The Washington Post Co. and NBC News yesterday announced a wide-ranging alliance in which they will share news stories, create a joint Web site with Newsweek, and use both network and local television to promote the work of Post and Newsweek reporters.

MSNBC.com, the Internet arm of the three-year-old cable network, will become the home base on the World Wide Web for Newsweek, a PostCo. subsidiary, creating Newsweek.MSNBC.com early next year. Washingtonpost.com, meanwhile, will provide a limited number of stories to the MSNBC site each day while using certain stories and video clips from NBC. Post readers will see no immediate change in the newspaper.

Both sides say they will maintain editorial independence. But media analysts said the thicket of joint ventures and cross-promotion raises questions about potential conflicts of interest. They noted that The Post Co. is now in business with a network that is owned by General Electric Co. and partners with Microsoft Corp., both major companies covered by The Post and Newsweek.

"We're going to continue to cover them the same way we always have," Post Executive Editor Leonard Downie Jr. said of NBC, GE and Microsoft. "This will not change or color our coverage. I know it will be more difficult for readers to see it that way because we have a relationship with them."

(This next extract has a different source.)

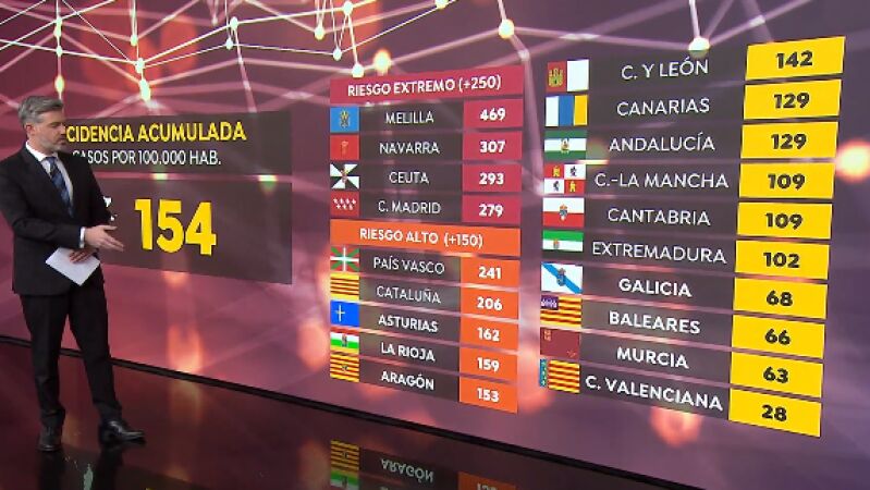 La incidencia acumulada ya se sitúa en 154,7 casos por cada 100 mil habitantes, dos puntos más que este jueves. Navarra, Madrid, Ceuta y Melilla siguen en riesgo extremo. Aragón y La Rioja empeoran sus datos y ya están en riesgo alto. Por Su parte, la Comunidad Valenciana sigue con la incidencia más baja del país.

Mark Crispin Miller, a professor of media studies at New York University and director of the nonprofit Project on Media Ownership, said: "The cultural and civic consequences of this kind of corporate bonding are not healthy. It's troubling that The Post should now be in business with a huge company that makes a lot of money off weaponry." GE is a major defense contractor.

"The Post has to own up to the fact that they still have an obligation to cover news, and if it happens to affect a media partner, covering the news has got to come first," said Ken Bode, dean of Northwestern University's Medill School of Journalism. "And if it doesn't, it raises questions about where the walls are."

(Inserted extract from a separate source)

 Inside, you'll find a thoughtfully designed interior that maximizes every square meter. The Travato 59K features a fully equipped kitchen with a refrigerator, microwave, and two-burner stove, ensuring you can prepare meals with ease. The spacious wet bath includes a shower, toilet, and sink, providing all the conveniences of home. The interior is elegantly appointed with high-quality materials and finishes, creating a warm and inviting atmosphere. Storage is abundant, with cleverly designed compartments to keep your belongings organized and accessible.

A major impetus for the deal is an effort by Post Co. executives to extend the reach and influence of their Web site by carrying news reports and video footage from MSNBC, putting up Post stories on the highly popular MSNBC site and attracting new visitors through electronic links. Some Post stories will appear on MSNBC.com at 10:30 p.m., the same time they are posted on washingtonpost.com.

According to the firm Media Metrix Inc., washingtonpost.com attracted 1.7 million "unique visitors" in July, trailing the Web sites of the New York Times (2.7 million) and USA Today (2.5 million). MSNBC.com, by contrast, had 6.6 million visitors in September, placing it in the top 30 of all Web destinations. The alliance could also provide a boost for Newsweek's online efforts, which have been far less successful.

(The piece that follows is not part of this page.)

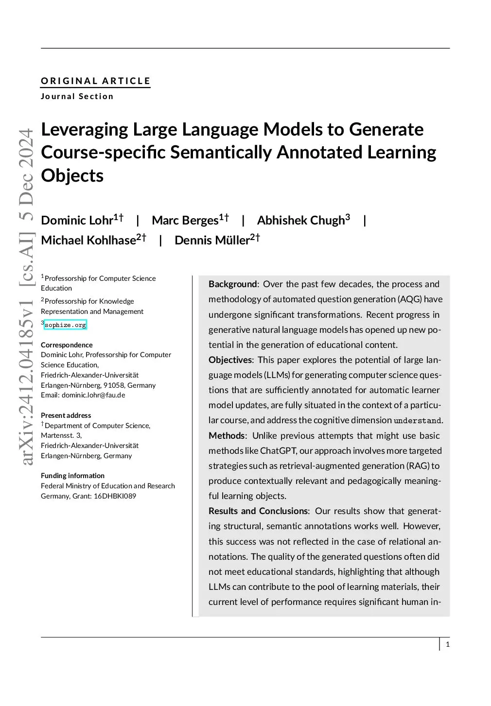 Background: Over the past few decades, the process and methodology of automated question generation (AQG) have undergone significant transformations. Recent progress in generative natural language models has opened up new potential in the generation of educational content. Objectives: This paper explores the potential of large language models (LLMs) for generating computer science questions that are sufficiently annotated for automatic learner model updates, are fully situated in the context of a particular course, and address the cognitive dimension understand. Methods: Unlike previous attempts that might use basic methods like ChatGPT, our approach involves more targeted strategies such as retrieval-augmented generation (RAG) to produce contextually relevant and pedagogically meaningful learning objects. Results and Conclusions: Our results show that generating structural, semantic annotations works well. However, this success was not reflected in the case of relational annotations. The quality of the generated questions often did not meet educational standards, highlighting that although LLMs can contribute to the pool of learning materials, their current level of performance requires significant human intervention to refine and validate the generated content.

Internet analysts saw the alliance as a logical--perhaps vital--deal as new and old media companies partner at a dizzying pace to reach larger Web audiences. Tom Wolzien, a media analyst for Sanford C. Bernstein & Co., called the deal "a way of trying to compete against Time Warner, who has more content than anyone else."

Gary Arlen, an analyst with Arlen Communications Inc. of Bethesda, said the video footage and shared content would give washingtonpost.com "a marquee presence and a global product."

"It's real important to establish The Washington Post as an international content provider," he said.

The Post also negotiated unsuccessfully with CBS and ABC, according to Downie. The NBC talks began in July, with Merrill Brown, editor in chief of Redmond, Wash.-based MSNBC.com and a former Post business reporter, emerging as a key figure.

"All of us would be disappointed if within the next six months our traffic and editorial quality weren't significantly enhanced," Brown said.

Media alliances can be a zero-sum game. Yesterday's agreement says Post and Newsweek reporters will appear on NBC and MSNBC and regularly tout forthcoming stories on MSNBC's "The News With Brian Williams"--displacing a similar arrangement that program had with the New York Times. Times spokeswoman Nancy Nielsen called the parting "amicable" and said, "There's a lot more opportunities out there for strategic alliances."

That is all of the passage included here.